Aralarında kadınların da bulunduğu 314 kişilik bir grup oluştururlar. MEHDİ VE ASHABI HER ZALİME GALİP GELİRLER. Onların kalpleri demir gibidir ve onlar gündüz arslan, gece de abiddirler. Ne evvelkiler, ne de sonrakiler fedakarlıkta onlara yetişemez. (Kitab-ul Burhan Fi Alamet-il Mehdiyy-il Ahir Zaman, s. 57-68)

MEHDİYETE KARŞI OLANLAR YENİLMEYE MAHKUMDUR

Ebu Hamza, İmam Muhammed Bakır'ın şöyle buyurduğunu naklediyor: “Sanki İmam Kaim Mehdi'yi, Küfe'nin Necef'inde görüyorum ki zuhur etmiştir. Necef'te ortaya çıktığında Allah'ın Elçisi'nin bayrağını dalgalandıracaktır. MEHDİ'NİN BAYRAK DİREĞİ ALLAH'IN ARŞININ DİREKLERİNDENDİR… ONU KİME DOĞRU DALGALANDIRIRSA ALLAH ONA GALİP GELECEKTİR.”  Şöyle diyor: “Ben şöyle dedim: “Bayrak O'nunla birlikte mi olacak yoksa O'na mı verilecek?” Şöyle buyurdu:“Hayır, O'na verilecektir. Bayrağı O'na Cebrail getirecektir.” (Dinin Kemali-Şeyh Saduk, Sayfa 622)

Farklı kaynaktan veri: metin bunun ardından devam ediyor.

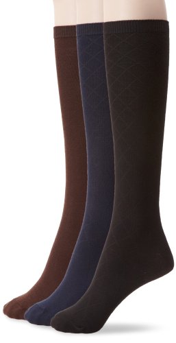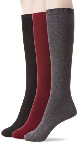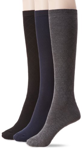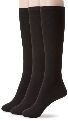 Nine West Women's Textured Diamond And Solid Flat Knit Knee High 3 Pair Sock, Black, Size 9-11

5.    FİZİKİ BENZERLİK MEHDİLİK İÇİN YETERLİ DEĞİLDİR

5.6. MÜVEKKİLİN “BENZEMEKLE MEHDİ OLUNMAYACAĞINI” AÇIKLAYAN BEYANLARI 

BENZEMEKLE MEHDİ OLUNMAZ. ZANLA MEHDİLİK İDDİASI OLMAZ. SEVDİKLERİNİN HÜSNÜ ZANNIYLA MEHDİLİK OLMAZ. İslam ahlakı dünyaya hakim olduğunda, İslam Birliği oluştuğunda, İsa Mesih’in (as) namazda öne geçirdiği kişi için “Allahualem bu şahıs Mehdi” diyeceğiz. BUNUN DIŞINDA MEHDİLİK İDDİA ETMEK İSLAM’A VE KURAN’A UYGUN DEĞİLDİR.” (Adnan Oktar; 21 Şubat 2018) 

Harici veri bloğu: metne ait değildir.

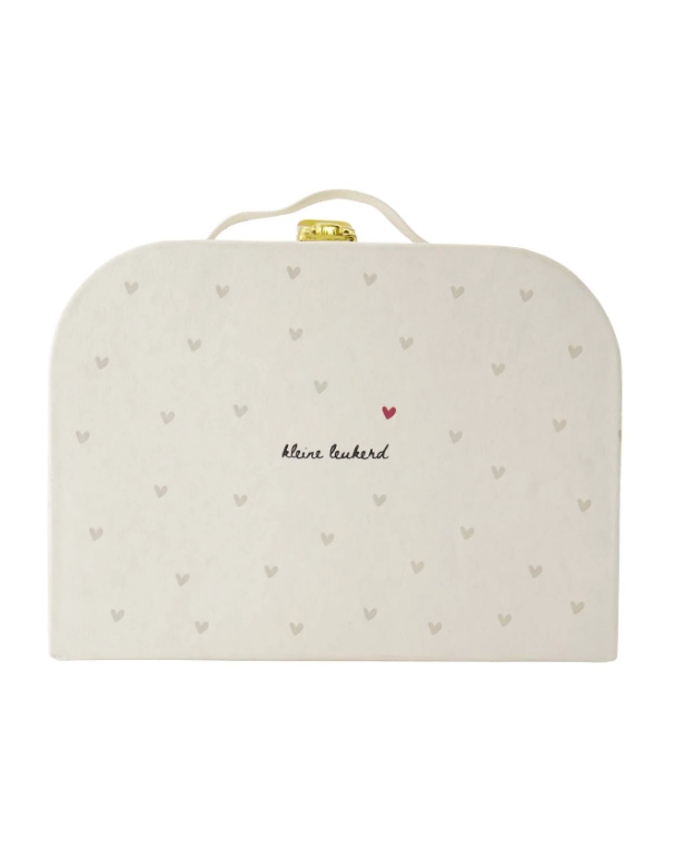 De herinneringen koffer kleine leukerd van Zusss is perfect om dierbare momenten te bewaren. Deze herinneringen koffer in de kleur wit met zandkleurige hartjes en een klein rood hartje, is gemaakt van stevig karton. Met een afmeting van 28x20x8 cm is de herinneringen koffer kleine leukerd handig en compact. De woorden “kleine leukerd” staan subtiel op de voorkant, wat deze herinneringen koffer een speels en lief karakter geeft. Ontdek ook onze woonaccessoires voor nog meer mooie items.

“Benim hiçbir zaman Mehdilik iddiam olmadı, olmaz. Böyle bir iddiam olsa cübbeyle sarıkla yayına çıkar, kadınlarla hiç görüşmez, mason olmaz, tüm dünyaya hakim olan gelenekçi İslam anlayışını eleştirmezdim. Mehdilik iddiasında olan bir insan olmadım, olmayacağım. BENZEMEK MEHDİYET İÇİN İSPAT DEĞİLDİR. Mehdi’yi şöyle anlarız: İslam hakim olur, Müslümanların başında bir manevi lider olur İslam Birliği tam sağlanır, Hz İsa namazda o şahsı öne geçirir, o zaman ‘Allahualem bu kişi Mehdi’ deriz.” (Adnan Oktar; 21 Şubat 2018 A9 TV)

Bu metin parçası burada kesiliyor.